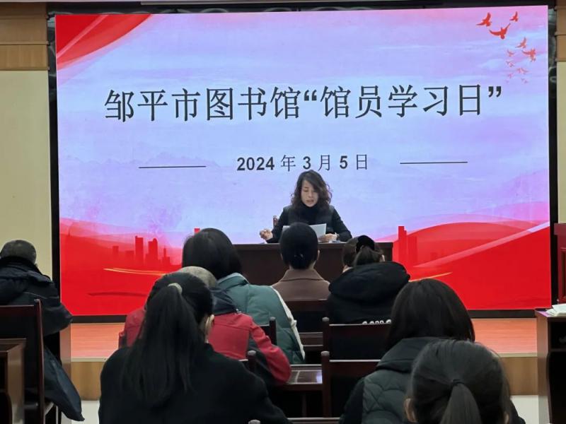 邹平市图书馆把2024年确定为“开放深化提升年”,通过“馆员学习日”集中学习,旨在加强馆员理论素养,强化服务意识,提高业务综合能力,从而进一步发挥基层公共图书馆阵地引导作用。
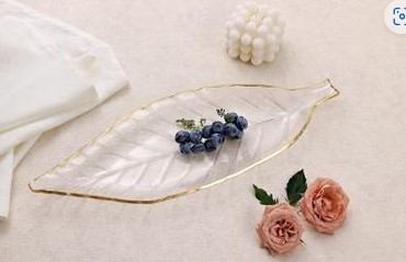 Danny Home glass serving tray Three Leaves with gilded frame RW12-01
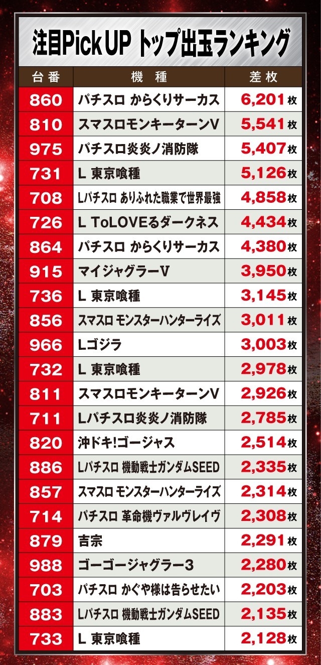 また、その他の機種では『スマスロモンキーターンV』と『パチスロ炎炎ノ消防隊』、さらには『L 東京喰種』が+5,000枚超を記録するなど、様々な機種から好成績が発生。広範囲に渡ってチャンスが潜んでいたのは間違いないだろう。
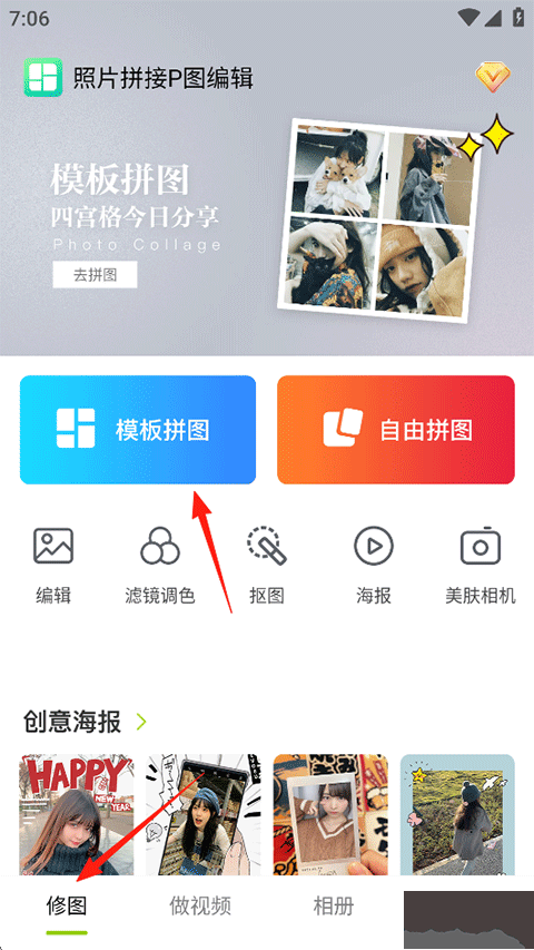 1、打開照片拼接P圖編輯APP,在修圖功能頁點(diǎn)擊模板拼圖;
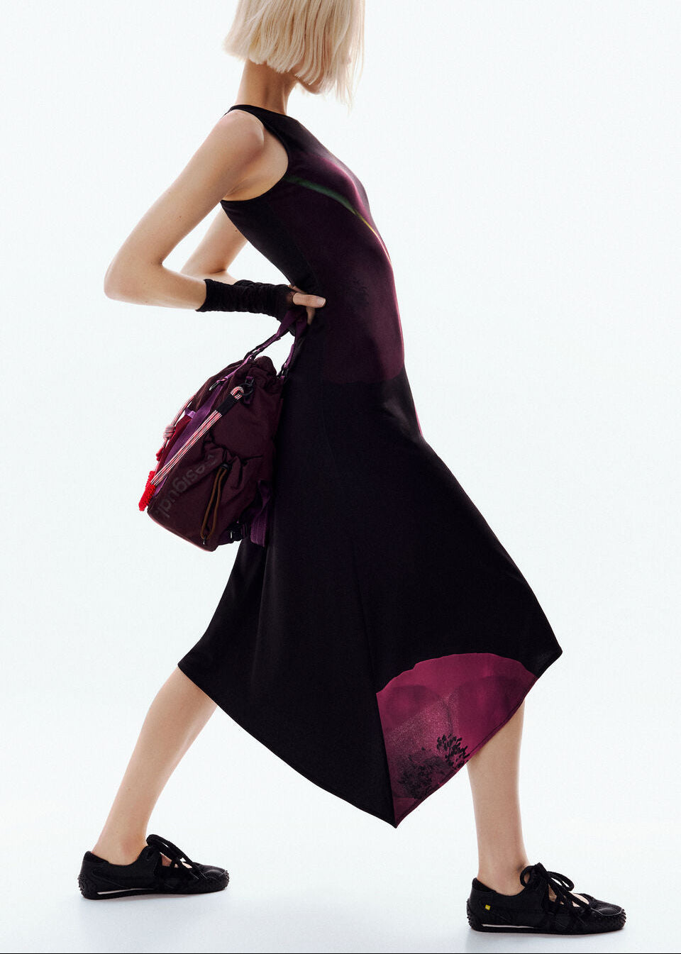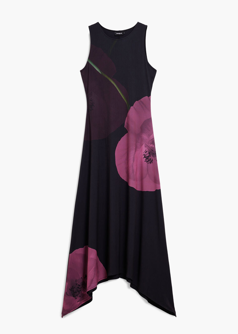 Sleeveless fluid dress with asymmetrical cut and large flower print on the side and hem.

* * *

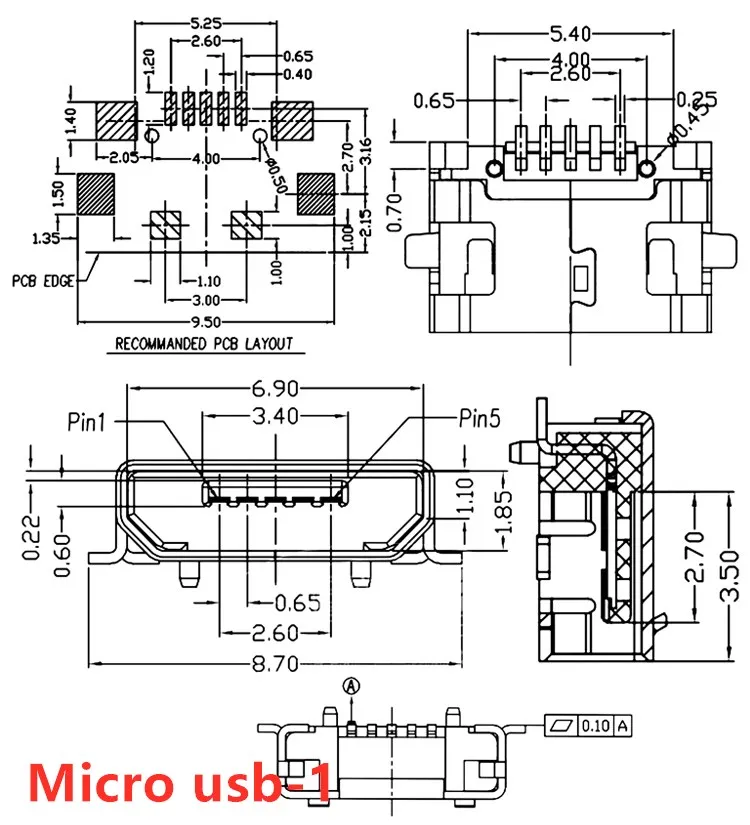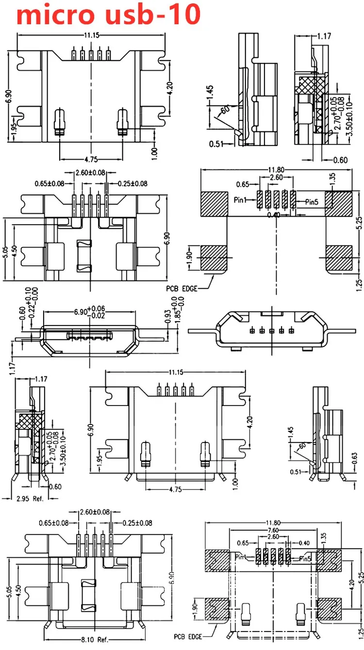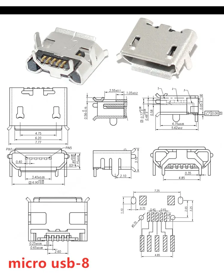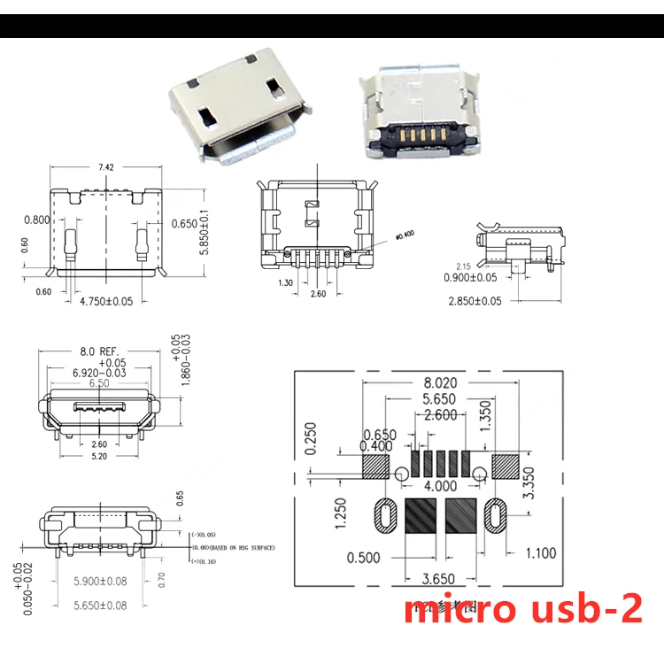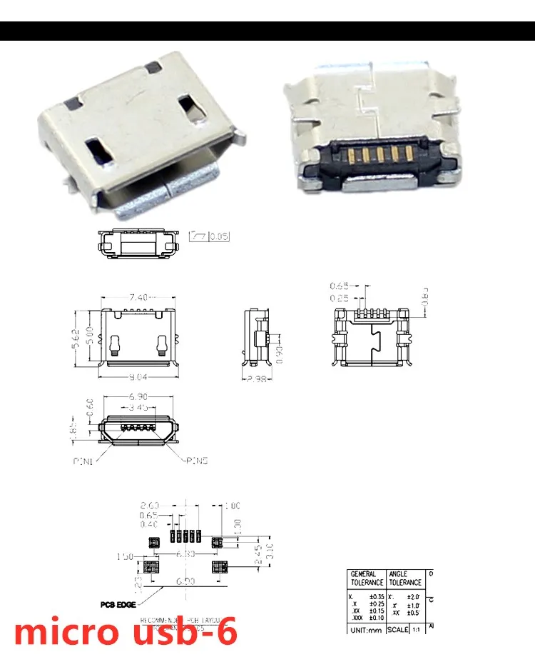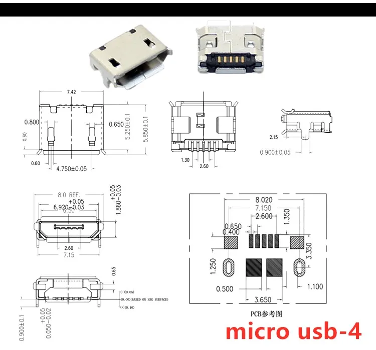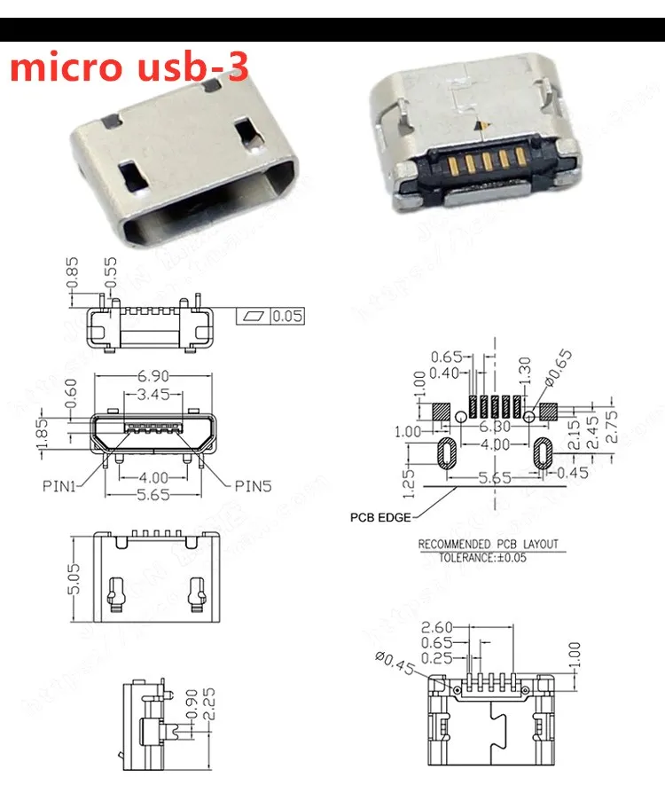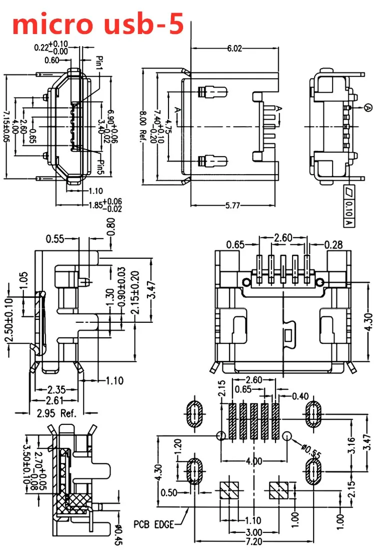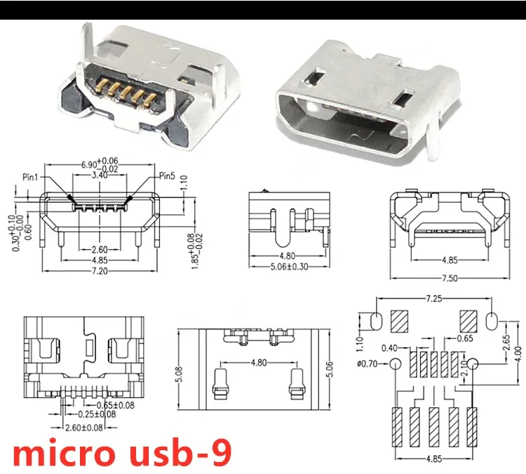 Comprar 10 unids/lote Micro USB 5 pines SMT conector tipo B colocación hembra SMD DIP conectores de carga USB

--

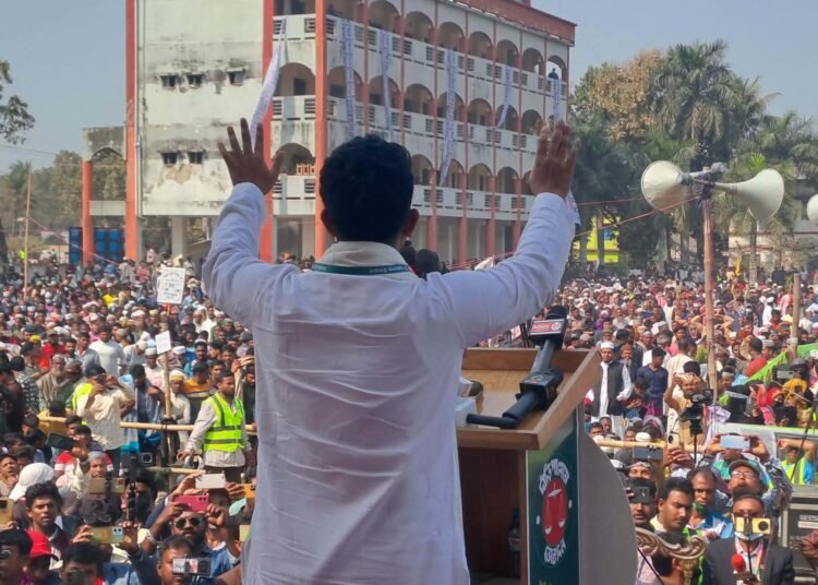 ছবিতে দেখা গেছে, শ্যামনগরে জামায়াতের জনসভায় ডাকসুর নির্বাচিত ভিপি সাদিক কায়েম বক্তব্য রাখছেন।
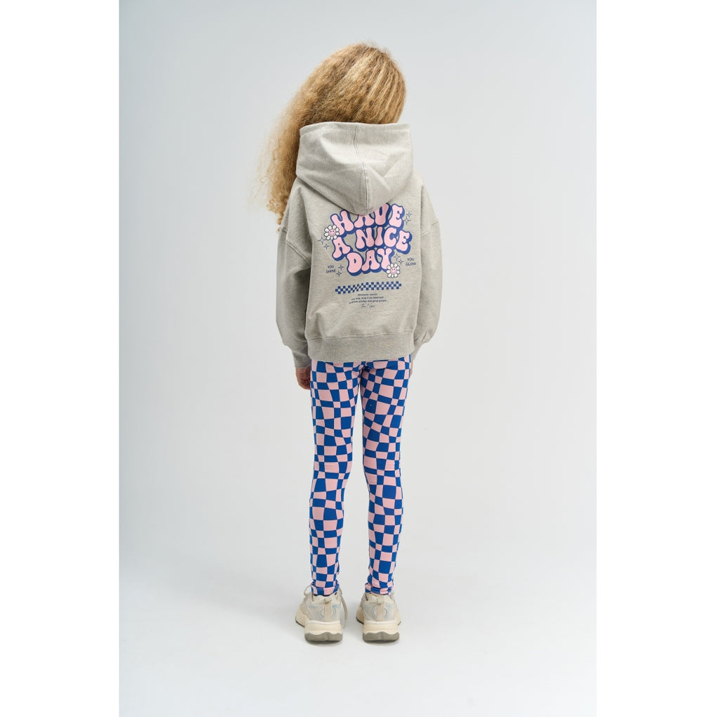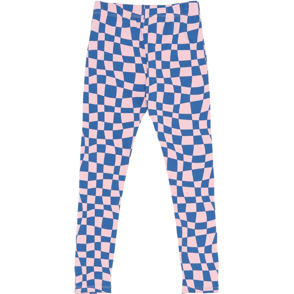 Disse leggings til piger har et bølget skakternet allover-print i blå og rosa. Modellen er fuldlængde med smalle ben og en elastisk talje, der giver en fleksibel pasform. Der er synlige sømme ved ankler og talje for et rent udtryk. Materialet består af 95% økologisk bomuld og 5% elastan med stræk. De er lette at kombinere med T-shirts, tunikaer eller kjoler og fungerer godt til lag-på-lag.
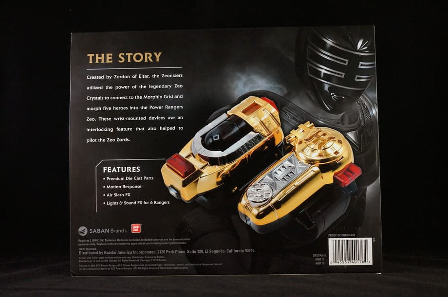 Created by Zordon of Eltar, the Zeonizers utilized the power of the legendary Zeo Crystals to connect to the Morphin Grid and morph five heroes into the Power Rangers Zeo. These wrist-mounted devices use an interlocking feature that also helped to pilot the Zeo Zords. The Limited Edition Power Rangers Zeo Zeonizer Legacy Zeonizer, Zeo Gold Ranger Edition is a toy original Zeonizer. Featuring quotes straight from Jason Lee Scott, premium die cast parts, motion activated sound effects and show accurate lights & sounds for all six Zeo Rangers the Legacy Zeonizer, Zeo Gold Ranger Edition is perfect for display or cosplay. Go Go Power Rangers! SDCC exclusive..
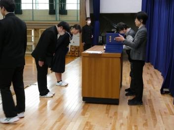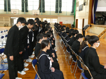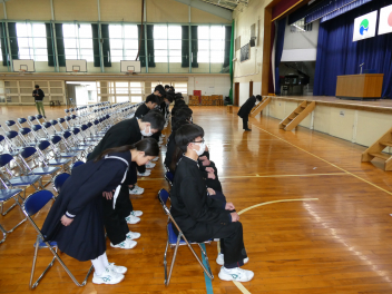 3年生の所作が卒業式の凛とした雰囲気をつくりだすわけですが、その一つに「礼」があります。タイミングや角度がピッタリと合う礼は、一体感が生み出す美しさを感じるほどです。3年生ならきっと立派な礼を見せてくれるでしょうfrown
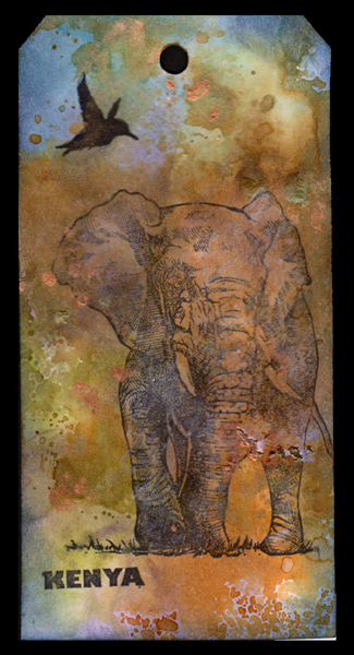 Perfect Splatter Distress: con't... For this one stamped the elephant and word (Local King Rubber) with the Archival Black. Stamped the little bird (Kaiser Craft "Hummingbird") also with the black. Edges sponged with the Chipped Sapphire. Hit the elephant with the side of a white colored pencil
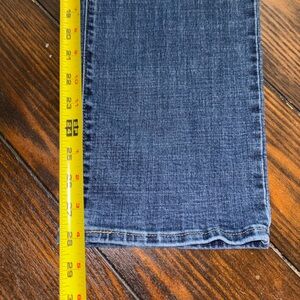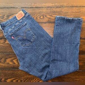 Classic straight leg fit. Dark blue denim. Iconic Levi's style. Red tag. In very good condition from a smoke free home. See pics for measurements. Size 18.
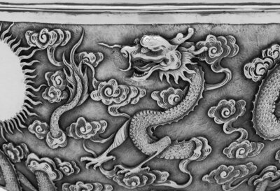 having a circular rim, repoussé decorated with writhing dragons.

EXERCISE: Give again the stretch of lines above from the one with "また、その他の機種では『スマ" through the one with "Sleeveless fluid dress", both ends kept, and copy no pictures.

ANSWER SECTION:
 また、その他の機種では『スマスロモンキーターンV』と『パチスロ炎炎ノ消防隊』、さらには『L 東京喰種』が+5,000枚超を記録するなど、様々な機種から好成績が発生。広範囲に渡ってチャンスが潜んでいたのは間違いないだろう。
 1、打開照片拼接P圖編輯APP,在修圖功能頁點(diǎn)擊模板拼圖;
 Sleeveless fluid dress with asymmetrical cut and large flower print on the side and hem.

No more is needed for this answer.